Tuesday, 10 June 2025, 6:22 am

    FIRB grants ₱20.9-B tax subsidy to boost public services

    The Fiscal Incentives Review Board (FIRB), chaired by Finance Secretary Ralph G. Recto, has approved ₱20.9 billion in tax subsidies for government institutions for fiscal years 2024 and 2025. The move aims to enhance public service delivery by allowing agencies to redirect resources from tax obligations to operational efficiency.

    Tax subsidies enable the national government to shoulder the taxes and duties that would otherwise be paid by public institutions, a measure aligned with President Ferdinand R. Marcos Jr.’s push for more responsive government services.

    “This move is in line with President Marcos Jr.’s commitment to delivering more responsive public services,” said Recto. “These tax subsidies will help expedite and expand government service delivery for the Filipino people.”

    As of May 21, 2025, the FIRB approved 10 subsidy applications through its Technical Committee, with all benefiting agencies achieving a 100 percent utilization rate based on their Special Allotment Release Orders (SAROs).

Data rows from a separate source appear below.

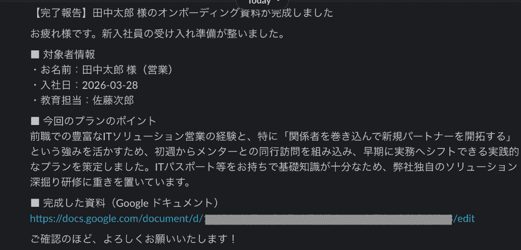 【完了報告】{{氏名}} 様のオンボーディング資料が完成しました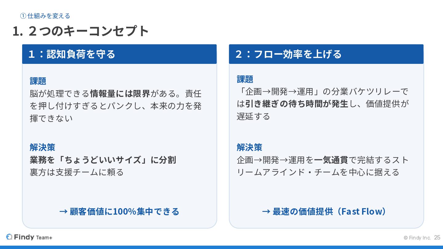 脳が処理できる情報量には限界がある。責任 を押し付けすぎるとパンクし、本来の力を発 揮できない 解決策 業務を「ちょうどいいサイズ」に分割 裏方は支援チームに頼る → 顧客価値に100%集中できる 課題 「企画→開発→運用」の分業バケツリレーで は引き継ぎの待ち時間が発生し、価値提供が 遅延する 解決策 企画→開発→運用を一気通貫で完結するスト リームアラインド・チームを中心に据える → 最速の価値提供(Fast Flow) 2:フロー効率を上げる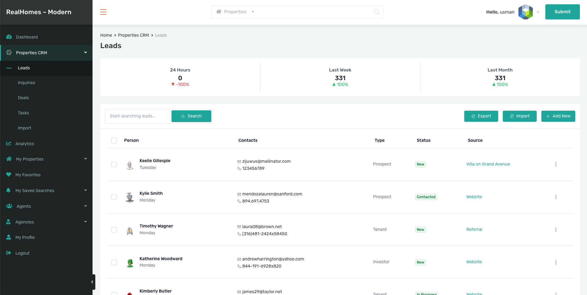 The RealHomes CRM plugin brings a complete powerful all-in-one Customer Relationship Management solution to your website, helping you manage leads, track inquiries, and streamline your real estate communication process directly from your RealHomes Dashboard.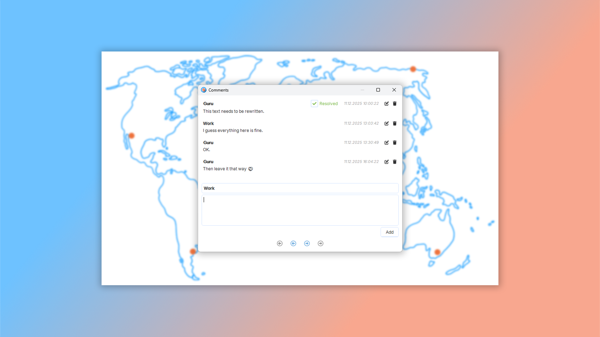 Ja. Jeder Autor kann Kommentare hinzufügen, die für alle Projektteilnehmer sichtbar sind.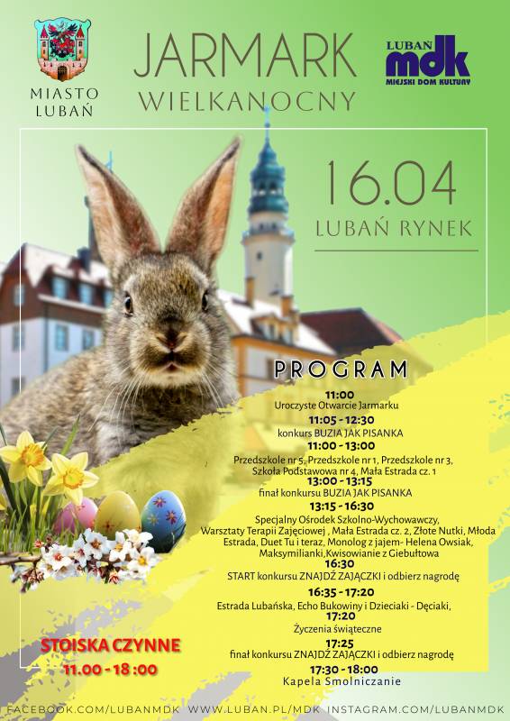 Zapraszamy wszystkich na Jarmark Wielkanocny na Rynek w Lubaniu. Stoiska wystawowe, koncerty, występny, zabawy - od g. 11:00 do 18:00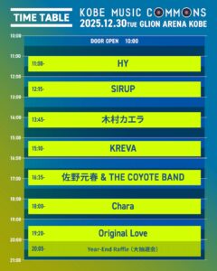 12月30日(火)にアリーナGLION ARENA KOBEで開催される新たな音楽イベント『KOBE MUSIC COMMONS 2025』の最終出演アーティストが発表された。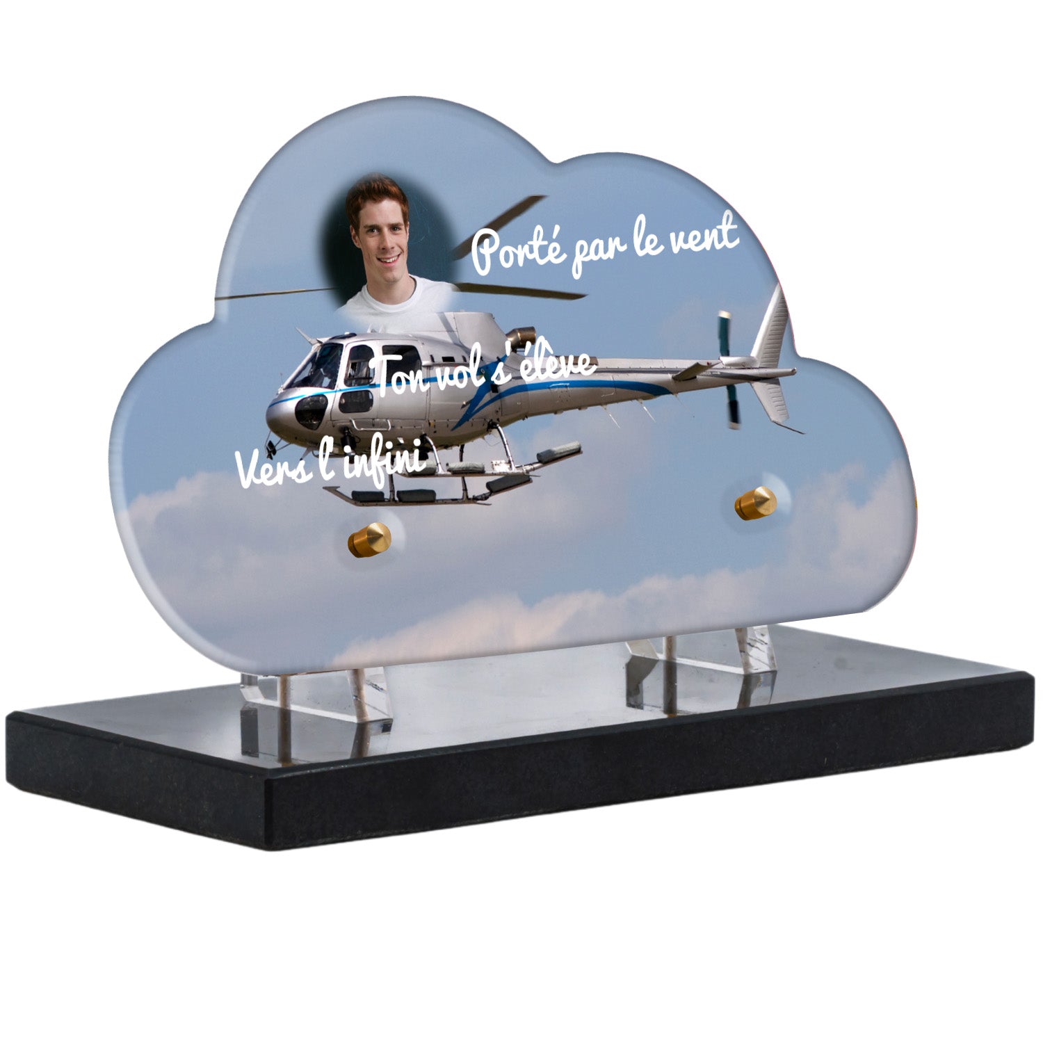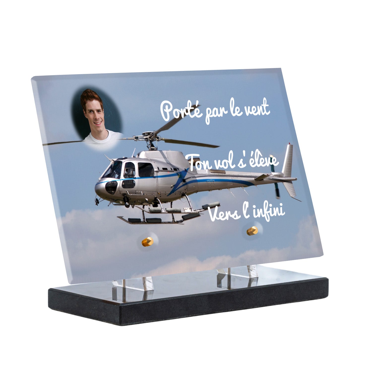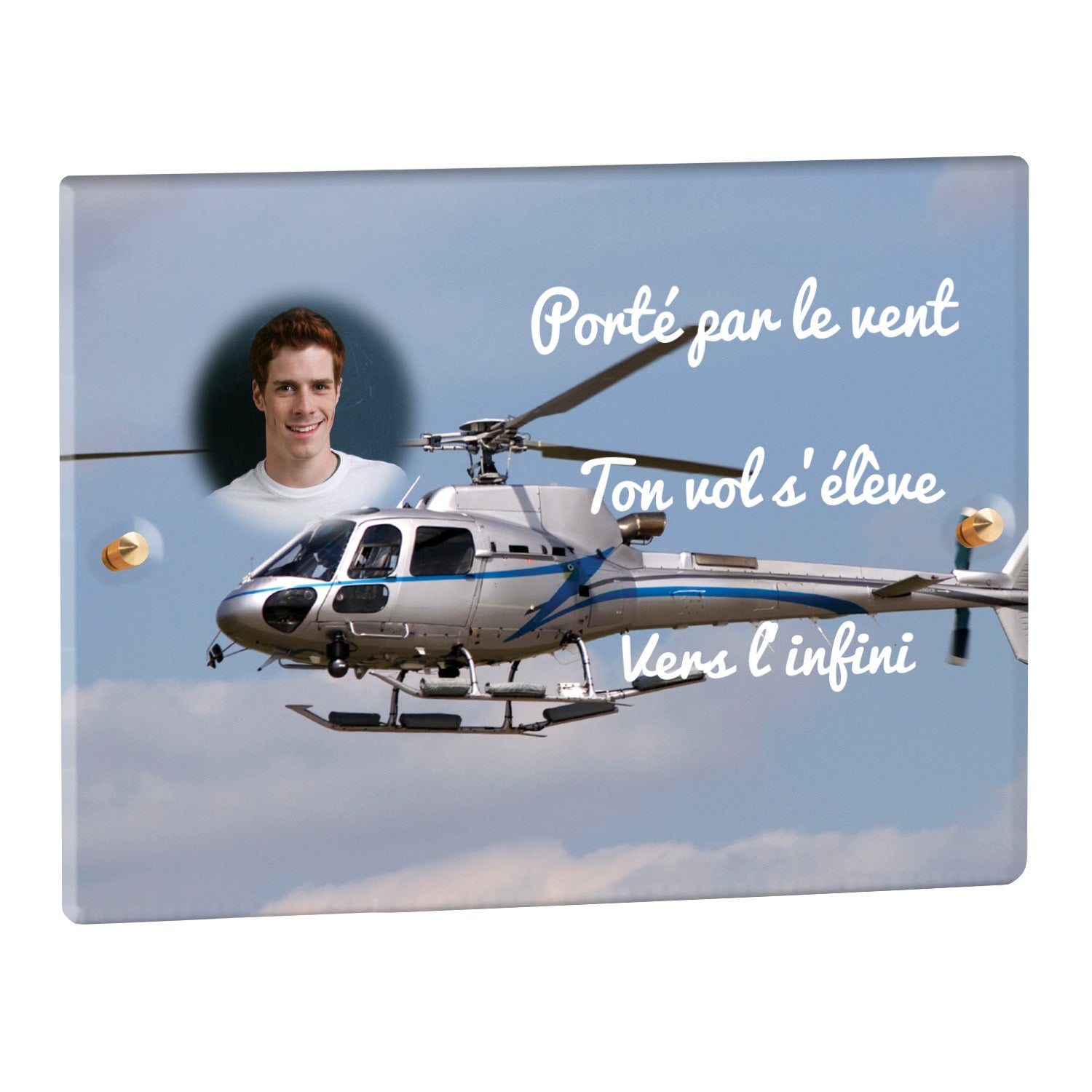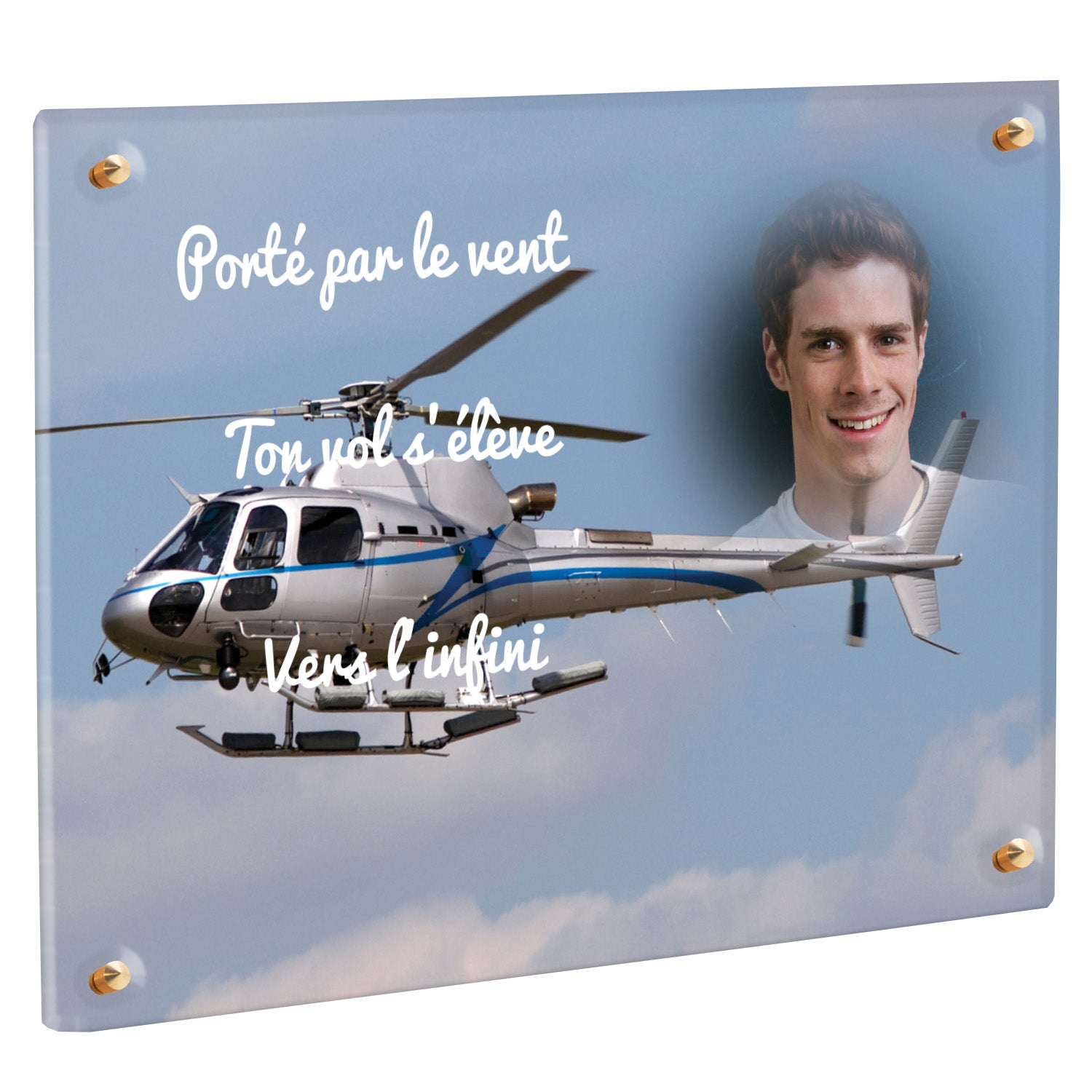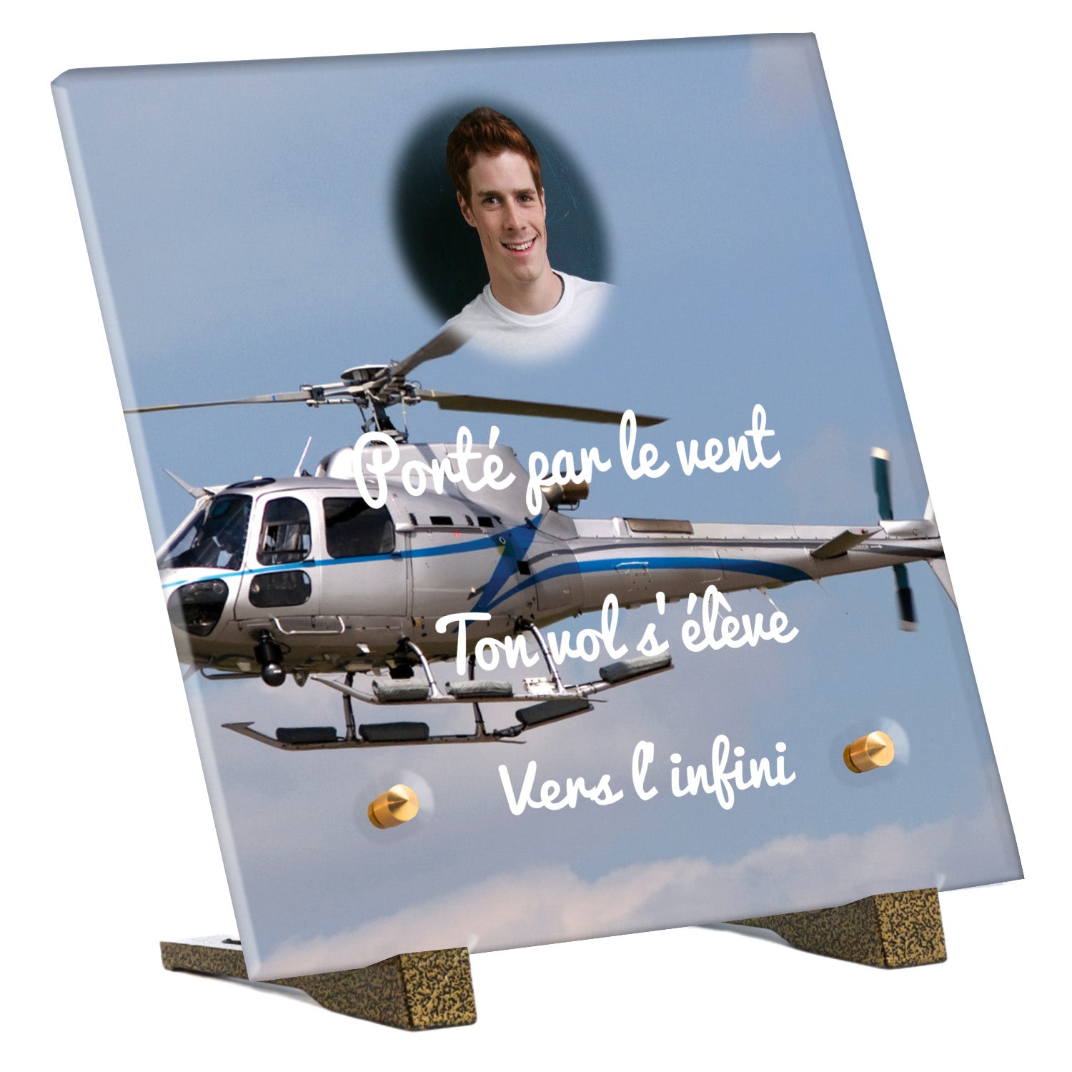 Cette plaque funéraire personnalisée représente un hélicoptère en vol, symbole de liberté et d’aventure, pour rendre un hommage unique et chargé de sens. Fabriquée en plexiglas, cette plaque mortuaire allie modernité et élégance, parfaite pour une plaque funéraire moderne qui valorise la mémoire de manière originale et durable.

    For 2024, key recipients include the Manila International Airport Authority (₱7.5B), National Power Corporation (₱6.0B), Philippine Deposit Insurance Corporation (₱4.5B), and National Transmission Corporation (₱2.0B). Other recipients include the Armed Forces Commissary (₱305M), Bureau of the Treasury (₱223M), and UP National Institute of Physics (₱6.6M).

    For 2025, the Bureau of the Treasury and the Armed Forces Commissary were again granted subsidies amounting to ₱223.2 million and ₱58.5 million, respectively.

    The FIRB, under existing law, is authorized to grant such subsidies to GOCCs, government instrumentalities, and state universities to help them fulfill their mandates without the fiscal strain of tax payments.